**Extracted data:**
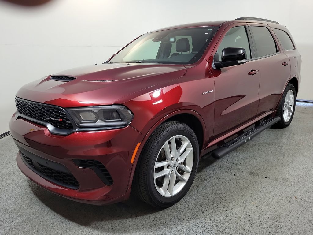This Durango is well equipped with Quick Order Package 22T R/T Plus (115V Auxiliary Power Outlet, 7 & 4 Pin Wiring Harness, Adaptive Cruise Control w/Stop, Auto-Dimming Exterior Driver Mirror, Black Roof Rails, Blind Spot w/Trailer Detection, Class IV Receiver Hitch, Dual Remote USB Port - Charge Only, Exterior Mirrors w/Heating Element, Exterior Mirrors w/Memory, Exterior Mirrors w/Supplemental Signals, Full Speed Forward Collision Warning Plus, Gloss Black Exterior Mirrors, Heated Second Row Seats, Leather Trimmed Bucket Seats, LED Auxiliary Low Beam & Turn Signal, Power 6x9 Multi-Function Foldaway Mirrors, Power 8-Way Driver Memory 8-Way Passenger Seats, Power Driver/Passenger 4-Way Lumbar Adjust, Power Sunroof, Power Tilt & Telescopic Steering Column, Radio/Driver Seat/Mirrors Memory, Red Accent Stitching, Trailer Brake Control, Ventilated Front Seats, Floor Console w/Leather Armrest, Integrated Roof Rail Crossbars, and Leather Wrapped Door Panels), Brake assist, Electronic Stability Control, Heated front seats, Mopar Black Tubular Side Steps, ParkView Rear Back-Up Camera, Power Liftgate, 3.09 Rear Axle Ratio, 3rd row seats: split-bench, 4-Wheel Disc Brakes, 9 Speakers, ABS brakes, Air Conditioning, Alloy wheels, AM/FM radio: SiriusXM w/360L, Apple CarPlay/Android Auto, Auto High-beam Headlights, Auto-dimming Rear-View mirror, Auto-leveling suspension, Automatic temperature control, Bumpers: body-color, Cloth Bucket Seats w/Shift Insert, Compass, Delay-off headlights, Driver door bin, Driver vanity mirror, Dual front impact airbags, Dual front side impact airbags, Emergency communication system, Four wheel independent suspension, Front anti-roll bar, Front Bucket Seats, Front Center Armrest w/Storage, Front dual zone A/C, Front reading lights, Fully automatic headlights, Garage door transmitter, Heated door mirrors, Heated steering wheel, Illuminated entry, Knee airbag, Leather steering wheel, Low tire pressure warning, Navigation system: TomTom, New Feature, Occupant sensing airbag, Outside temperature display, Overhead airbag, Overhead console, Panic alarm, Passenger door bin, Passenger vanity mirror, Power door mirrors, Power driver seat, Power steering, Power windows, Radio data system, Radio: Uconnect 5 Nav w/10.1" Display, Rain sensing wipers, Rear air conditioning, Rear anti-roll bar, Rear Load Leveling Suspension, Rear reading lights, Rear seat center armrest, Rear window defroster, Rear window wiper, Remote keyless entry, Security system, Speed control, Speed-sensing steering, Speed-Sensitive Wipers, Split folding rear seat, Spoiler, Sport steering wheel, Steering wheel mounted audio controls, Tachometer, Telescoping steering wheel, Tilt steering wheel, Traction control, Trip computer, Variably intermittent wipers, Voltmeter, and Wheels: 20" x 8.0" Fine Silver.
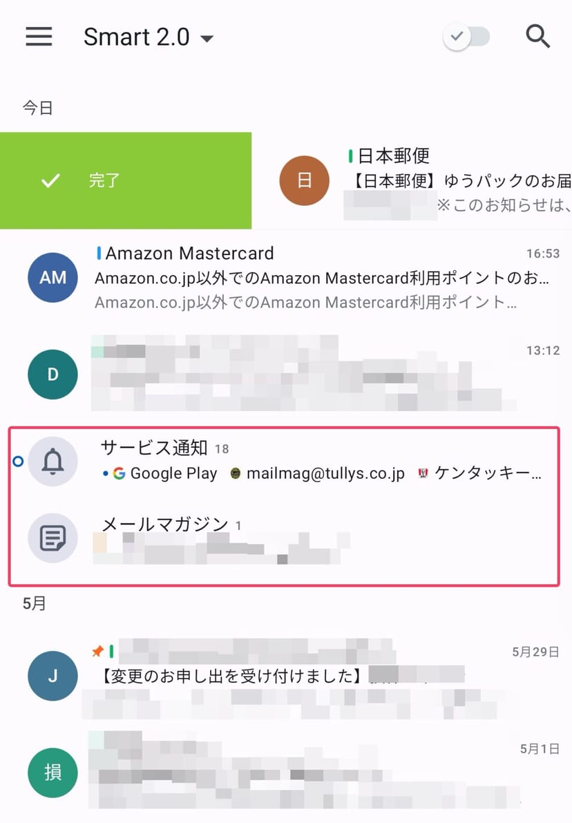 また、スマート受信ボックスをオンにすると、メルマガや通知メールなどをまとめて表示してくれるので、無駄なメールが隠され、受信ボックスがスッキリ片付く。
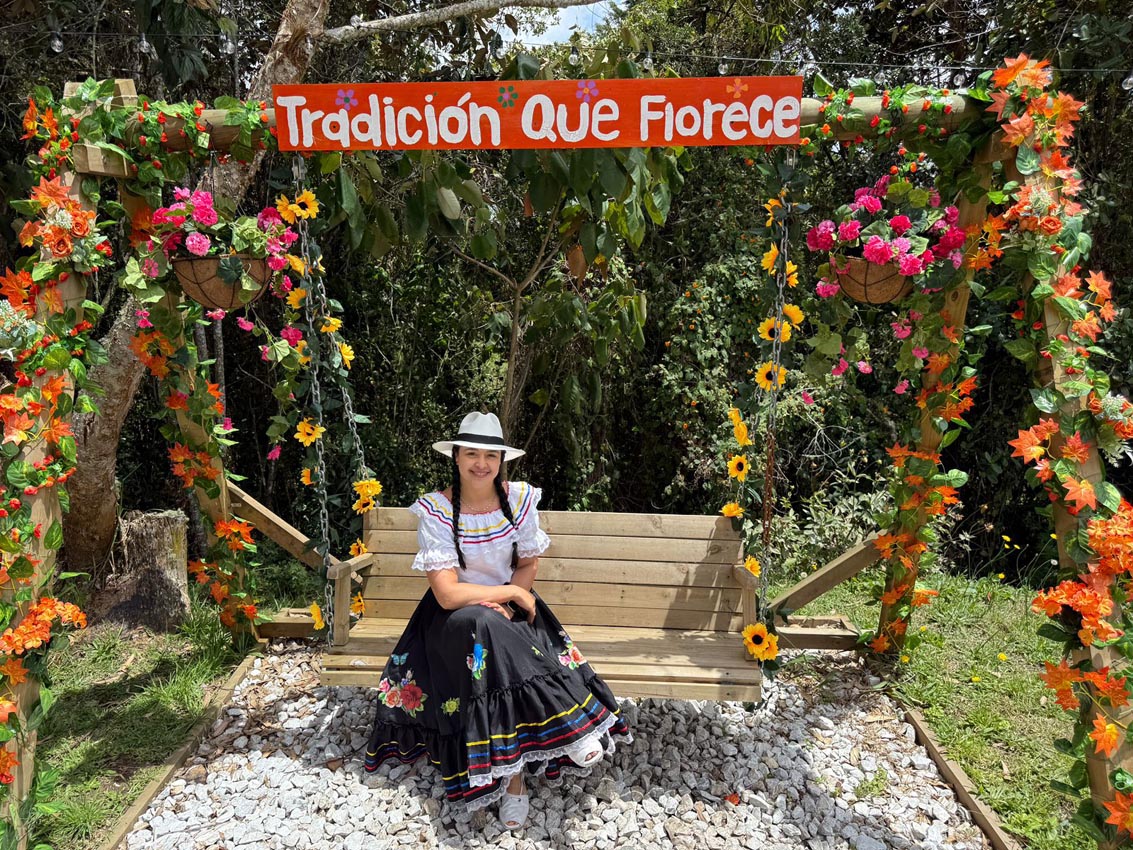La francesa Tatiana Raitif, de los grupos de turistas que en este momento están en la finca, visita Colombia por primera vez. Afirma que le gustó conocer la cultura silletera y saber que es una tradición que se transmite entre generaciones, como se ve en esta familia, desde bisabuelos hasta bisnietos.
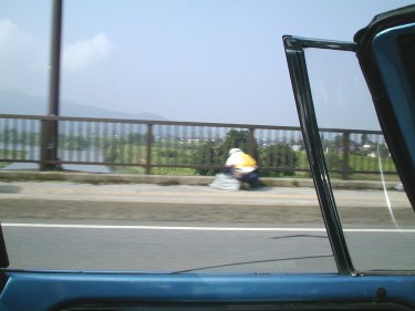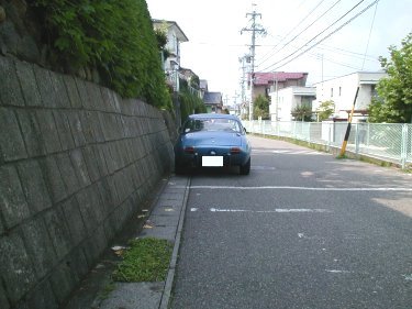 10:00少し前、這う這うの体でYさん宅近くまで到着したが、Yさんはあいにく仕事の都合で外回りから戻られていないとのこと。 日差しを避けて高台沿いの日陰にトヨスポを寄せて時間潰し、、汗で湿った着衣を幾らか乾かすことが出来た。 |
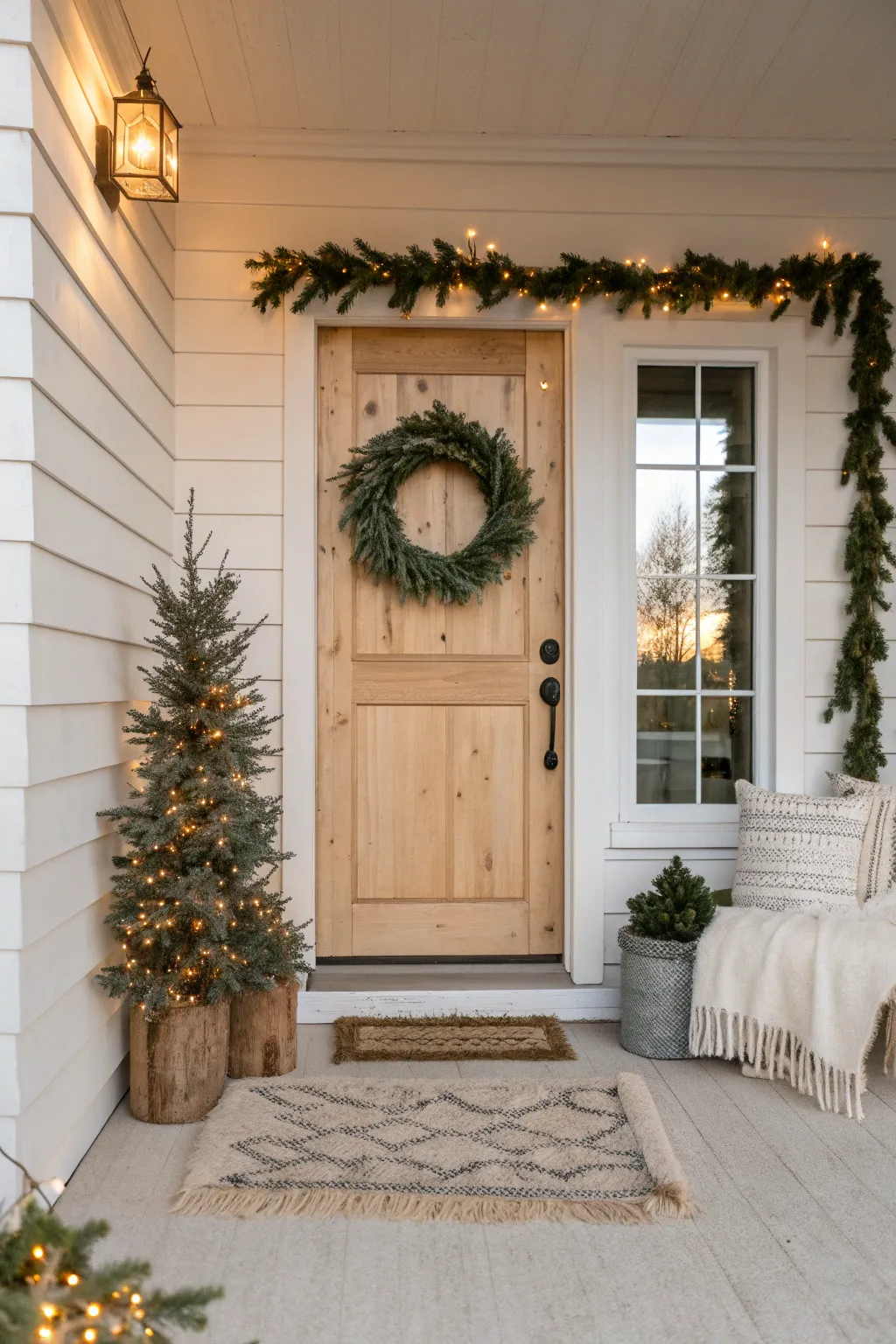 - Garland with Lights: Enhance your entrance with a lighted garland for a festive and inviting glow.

* * *

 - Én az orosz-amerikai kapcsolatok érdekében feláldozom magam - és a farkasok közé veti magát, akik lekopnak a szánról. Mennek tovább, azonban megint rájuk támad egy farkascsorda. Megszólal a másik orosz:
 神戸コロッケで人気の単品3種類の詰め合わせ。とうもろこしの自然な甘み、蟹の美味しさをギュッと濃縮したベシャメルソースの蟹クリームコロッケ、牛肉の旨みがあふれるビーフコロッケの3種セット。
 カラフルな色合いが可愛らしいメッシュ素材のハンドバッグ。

==

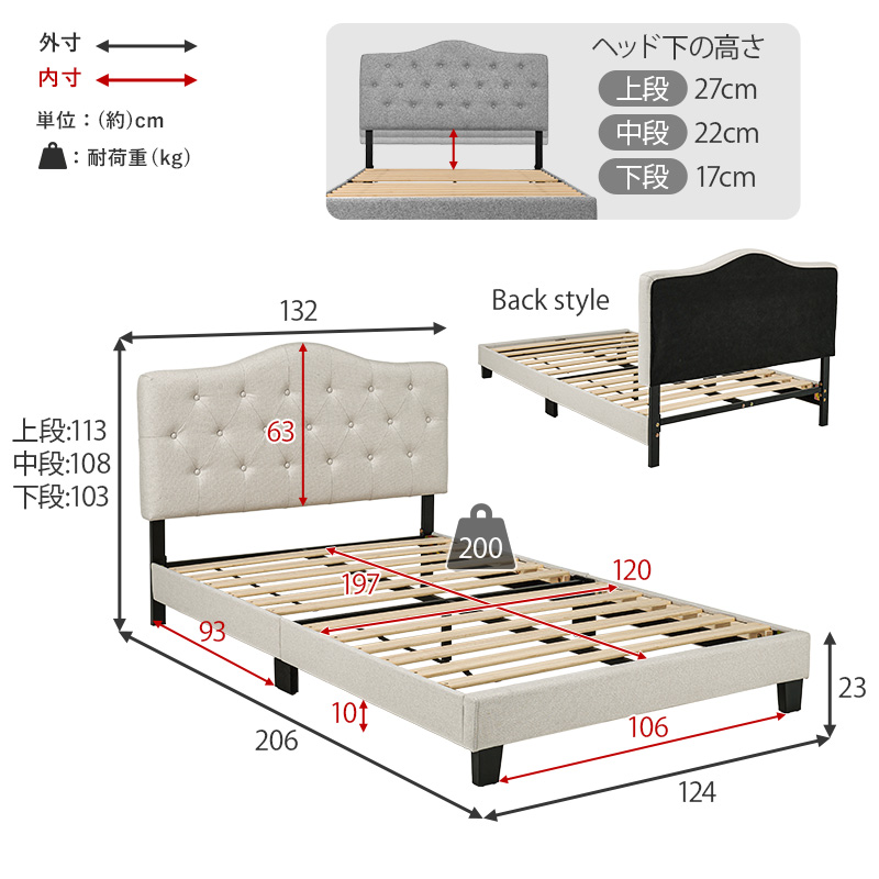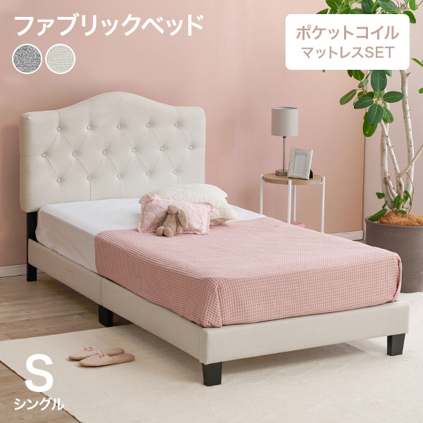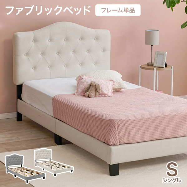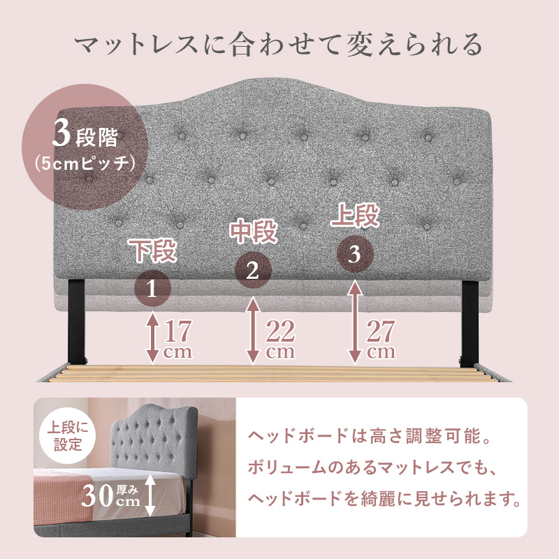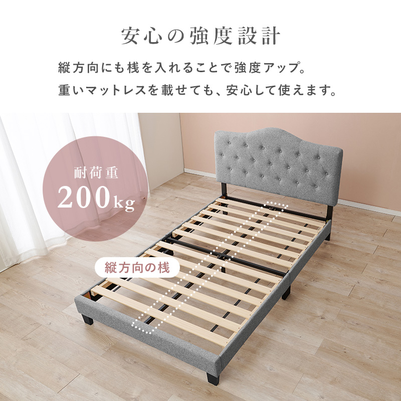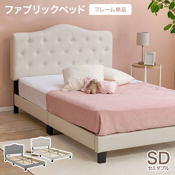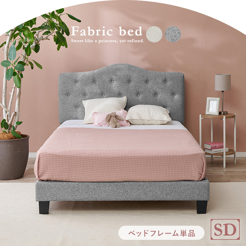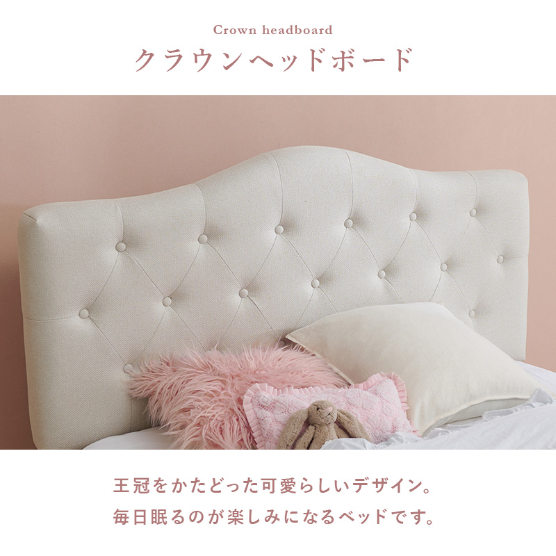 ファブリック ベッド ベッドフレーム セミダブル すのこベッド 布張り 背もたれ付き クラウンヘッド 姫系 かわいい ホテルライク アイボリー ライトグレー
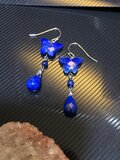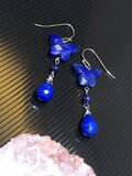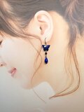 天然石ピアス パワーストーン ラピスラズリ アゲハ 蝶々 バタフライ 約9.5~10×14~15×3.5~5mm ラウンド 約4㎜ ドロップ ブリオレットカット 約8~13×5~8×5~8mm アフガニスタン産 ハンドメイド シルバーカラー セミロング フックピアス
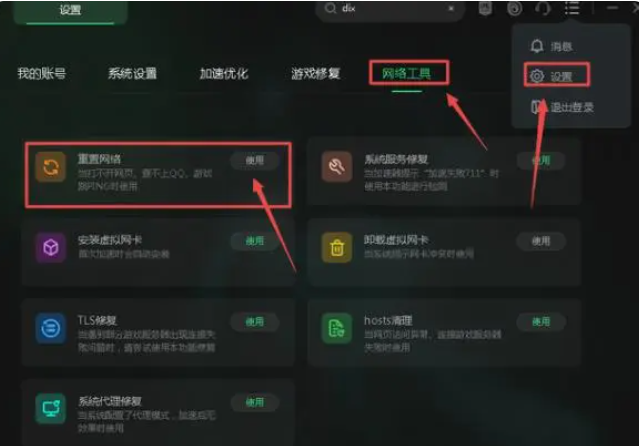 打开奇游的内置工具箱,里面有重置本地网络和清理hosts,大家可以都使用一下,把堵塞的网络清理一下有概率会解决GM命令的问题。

**What is required:**
Give again, exactly as written above, each line from the one that has "ファブリック ベッド ベッドフレーム" to the one that has "打开奇游的内置工具箱,里面有", both included; omit the pictures.

**Written answer:**
 ファブリック ベッド ベッドフレーム セミダブル すのこベッド 布張り 背もたれ付き クラウンヘッド 姫系 かわいい ホテルライク アイボリー ライトグレー
 天然石ピアス パワーストーン ラピスラズリ アゲハ 蝶々 バタフライ 約9.5~10×14~15×3.5~5mm ラウンド 約4㎜ ドロップ ブリオレットカット 約8~13×5~8×5~8mm アフガニスタン産 ハンドメイド シルバーカラー セミロング フックピアス
 打开奇游的内置工具箱,里面有重置本地网络和清理hosts,大家可以都使用一下,把堵塞的网络清理一下有概率会解决GM命令的问题。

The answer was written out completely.